La mutualisation des connaissances entre collectivités publiques permet de capitaliser sur les expériences et d’harmoniser les pratiques. Des réseaux d’échanges, formels ou informels, favorisent cette mutualisation et contribuent à la diffusion des bonnes pratiques.

L’optimisation de la couverture assurantielle

L’arbitrage entre assurance et auto-assurance doit faire l’objet d’une analyse approfondie, prenant en compte :

  • Le volume et la nature des opérations de construction
  • La sinistralité historique de la collectivité
  • Les capacités techniques internes pour gérer les sinistres
  • L’impact budgétaire des différentes options

Pour les collectivités territoriales de taille modeste, le recours à des groupements de commandes pour l’achat d’assurances peut permettre d’obtenir des conditions plus avantageuses tout en mutualisant les coûts de gestion.

L’anticipation des évolutions normatives et jurisprudentielles permet d’adapter les pratiques avant qu’elles ne deviennent contraignantes. Une veille juridique structurée, éventuellement mutualisée entre plusieurs entités publiques, facilite cette anticipation.

La jurisprudence récente témoigne d’une exigence accrue à l’égard des maîtres d’ouvrage. Dans un arrêt du 23 septembre 2021 (n°20-17.279), la Cour de cassation a confirmé que le maître d’ouvrage devait vérifier non seulement l’existence d’une assurance décennale, mais aussi son adéquation avec les caractéristiques spécifiques de l’opération.

Le développement d’outils numériques dédiés à la gestion des garanties et assurances peut considérablement faciliter le travail des maîtres d’ouvrage publics. Ces outils permettent notamment :

  • Le suivi des dates d’échéance des polices d’assurance
  • La vérification automatisée des attestations
  • La constitution d’une base documentaire sécurisée
  • L’analyse statistique de la sinistralité

L’investissement dans de tels outils s’inscrit dans une démarche plus large de transformation numérique de la commande publique, visant à améliorer l’efficacité et la sécurité juridique des processus.
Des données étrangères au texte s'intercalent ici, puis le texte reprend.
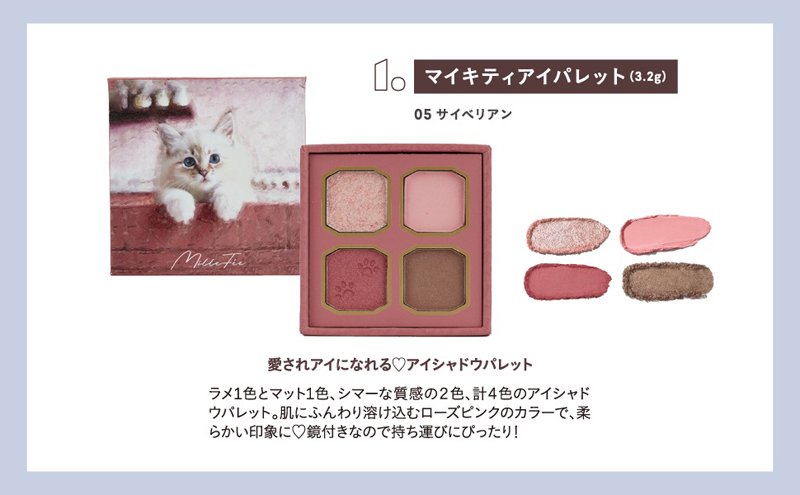 人気の猫シリーズからマイキティアイパレット、絵画シリーズからアイライナー、そしてグラマラスリッププランパー。

En définitive, la gestion du risque décennal par les maîtres d’ouvrage publics doit s’inscrire dans une démarche globale de maîtrise des risques liés aux opérations de construction. Cette démarche, alliant rigueur juridique, expertise technique et vision stratégique, constitue un facteur déterminant de la réussite des projets publics et de la préservation du patrimoine bâti des collectivités.